The invoice’s passage comes within the wake of the rape and homicide of a trainee physician at R.G. Kar Medical Faculty and Hospital in Kolkata, West Bengal on August 9, 2024, an incident that triggered widespread protests throughout India. The West Bengal authorities launched the invoice in response to the general public outcry, aiming to impose stricter penalties for sexual offences and expedite the justice course of.

The invoice introduces vital amendments to the present Bharatiya Nyaya Sanhita (BNS), 2023, and different associated laws governing sexual offences in India. Probably the most notable change is the imposition of the demise penalty for rape circumstances that outcome within the sufferer’s demise or depart them in a vegetative state. The latest case of the August 9 rape and homicide in Kolkata would fall below this new provision.
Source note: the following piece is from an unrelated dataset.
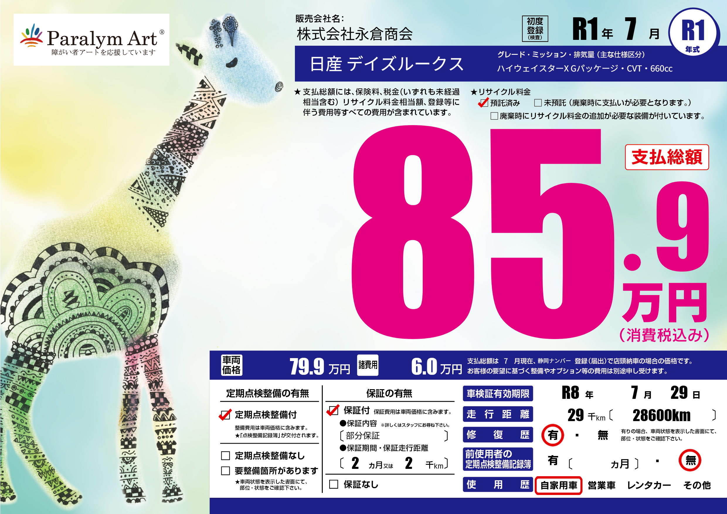 | 車名 | 日産 デイズルークス | グレード ミッション 排気量 |

Equally, previous rape circumstances that shook the nation, akin to that of Aruna Shanbaug, a nurse who was sexually assaulted in 1973 and remained in a vegetative state for over 41 years till her 2015 demise, would even be categorised below this criterion.

Moreover, the invoice drastically shortens the timelines for processing sexual offences, requiring investigations to be accomplished inside 21 days and trials inside 30 days, in comparison with the two-month interval allowed below the BNS, aiming to make sure swifter justice.

Whereas the West Bengal authorities hails the Aprajita Invoice as a “model and historic” regulation, human rights organizations like Amnesty Worldwide have raised critical issues. “The demise penalty isn’t the answer, nor wouldn’t it supply a ‘fast repair’ to forestall violence towards girls,” stated Aakar Patel, Chair of the Board at Amnesty Worldwide. He identified that neither the Justice Verma Committee, fashioned in 2012 to reform India’s legal guidelines on sexual violence, nor the Law Commission of India have supported the demise penalty for such crimes.

Amnesty Worldwide harassed that systemic reforms, reasonably than harsher punishments, are vital to handle the foundation causes of sexual violence. “What is definitely wanted is far-reaching procedural and institutional reform that offers with the foundation causes of crime and places emphasis on its prevention,” Patel added, urging the Central Bureau of Investigation (CBI) to conduct a swift and thorough investigation into the Kolkata case with out resorting to capital punishment.

The group reiterated its long-standing place towards the demise penalty, calling it a violation of the right to life as acknowledged by the Universal Declaration of Human Rights.